Despite its twists and turns, the Road to Hana is not as frightening as it might sound. The challenging part of the road takes only an hour and a half, but you'll want to stop often and let the driver enjoy the view, too. During high season (January-March and the summer months), the Road to Hana tends to develop trains of cars, with everyone in a line of six or more driving as slowly as the first car. The solution: Leave early (dawn) and return late (dusk). An alternative is to plan an overnight stay in Hana.
Begin your journey in Paia, the little town on Maui's North Shore. Be sure to fill up your gas tank here. There are no gas stations along Hana Highway, and the station in Hana closes by 6 pm. You should also pick up a picnic lunch. Food choices along the way are limited to fruit stands, which dot the route every half mile or so.

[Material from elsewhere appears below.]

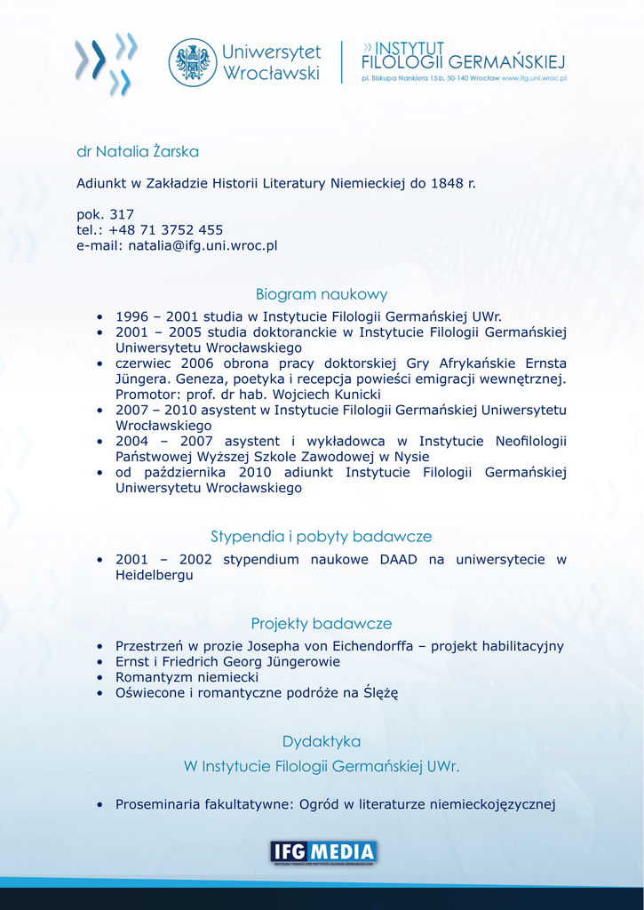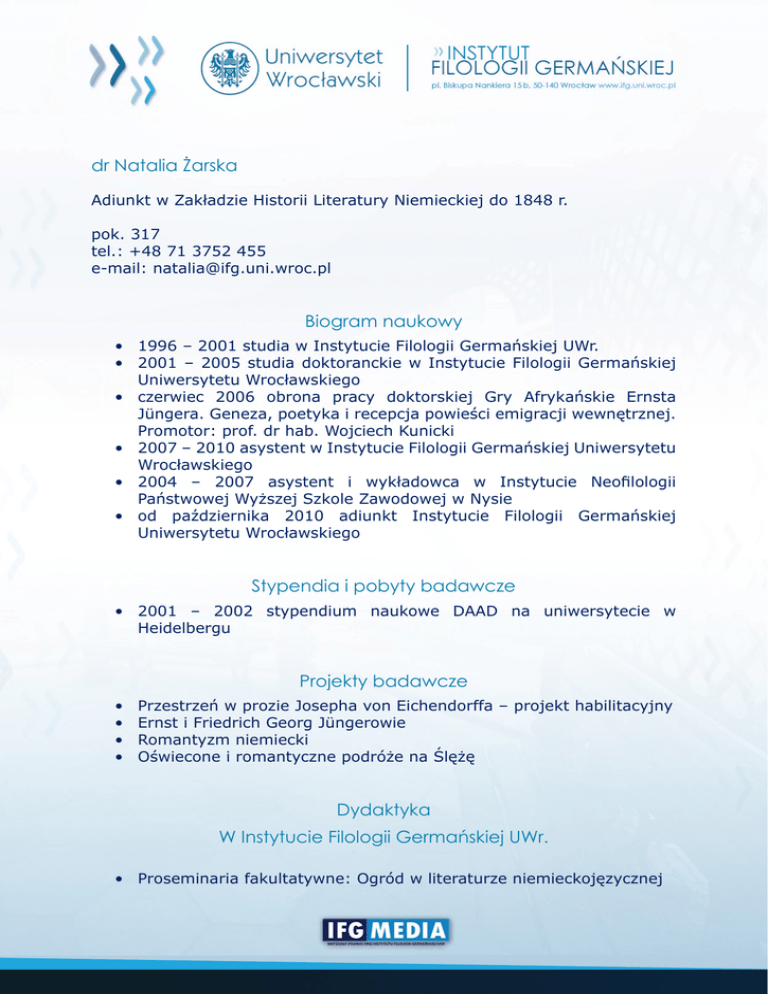 Pełny Biogram - Instytut Filologii Germańskiej UWr

About 10 mile past Paia, at the bottom of Kaupakalua Road, the roadside mileposts begin measuring the 36 miles to Hana town. The road's trademark noodling starts about 3 mi after that. Remember that many residents make this trip frequently—you'll see them zipping around every curve—so please, when possible, pull over to let them pass.
Waterfalls are abundant along this stretch of the road. Roll down your windows. Breathe in the scent of guava and ginger. There are plenty of places to pull completely off the road and park. Do this often, since the road's curves make driving without a break difficult. If you're prone to carsickness, be sure to take medication before this drive.

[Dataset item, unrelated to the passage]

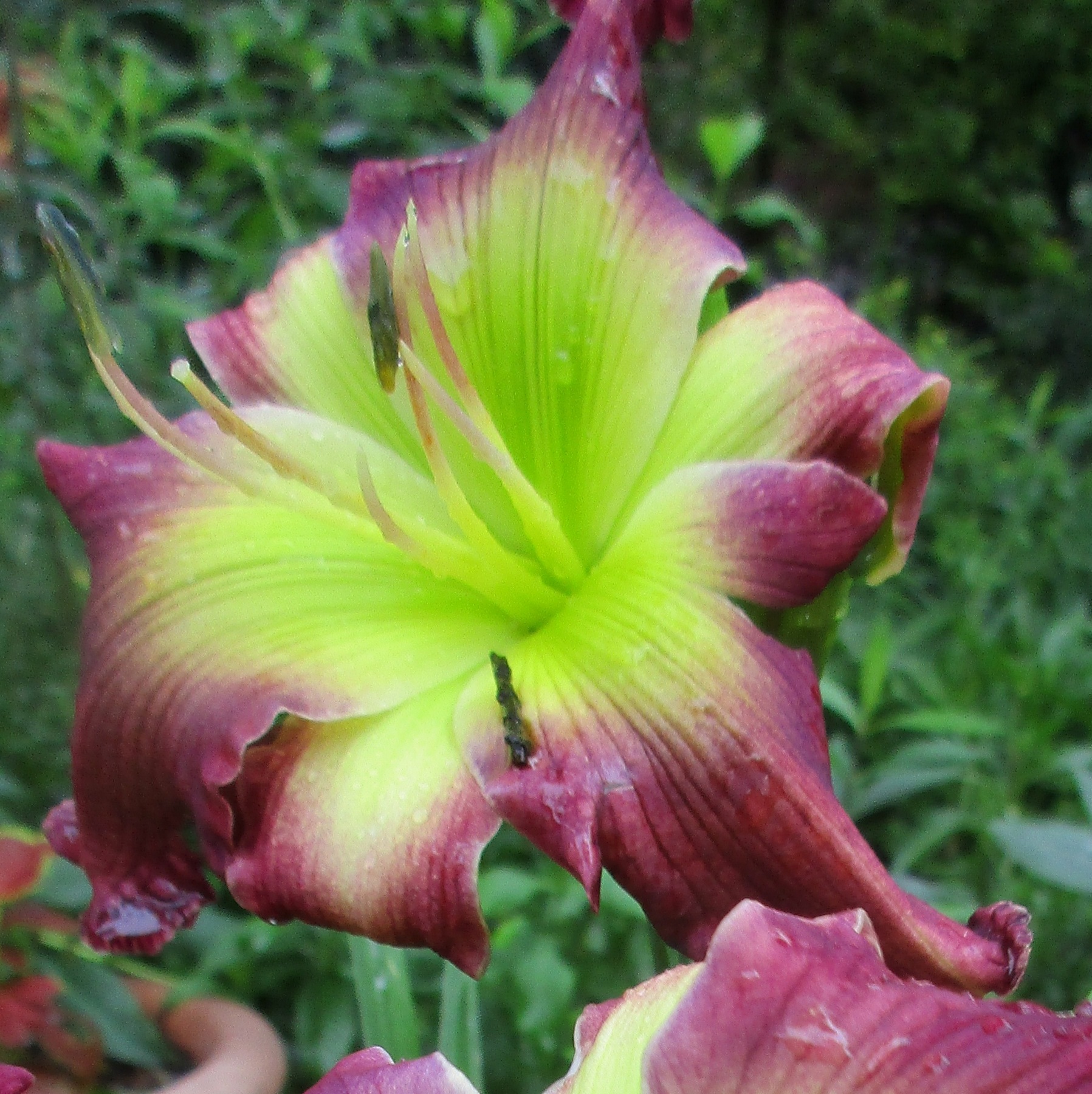 Žiedai nedideli (11 cm skersmens) purpuriniai su žaliu centru. A – 65 cm

About 10 minutes before Hana town, you can stop for—of all things—espresso. The tiny, colorful Nahiku Ti Gallery and Coffee shop sells local coffee, dried fruits, and candy. Sometimes the barbecue is fired up and you can try seasonal goodies such as baked breadfruit (an island favorite nearly impossible to find elsewhere).

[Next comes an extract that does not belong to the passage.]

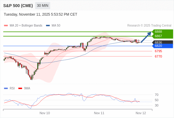 在 6820 之上,看涨,目标价位为 6867 ,然后为 6888 。

Huelo and Kailua. The rural area of Huelo has two quaint churches. If you linger awhile, you could meet local residents and learn about a rural lifestyle you might not have expected to find on the Islands. The same can be said for nearby Kailua (mile marker 6). Hana Hwy., near mile marker 5, Huelo.
Waikamoi Nature Trail. Between mile markers 9 and 10, the Waikamoi Nature Trail sign beckons you to stretch your car-weary limbs. A short (if muddy) trail leads through tall eucalyptus trees to a coastal vantage point with a picnic table and barbecue. Signage reminds visitors quiet, trees at work and bamboo picking permit required. Awapuhi, or Hawaiian shampoo ginger, sends up fragrant shoots along the trail. Hana Hwy., between mile markers 9 and 10.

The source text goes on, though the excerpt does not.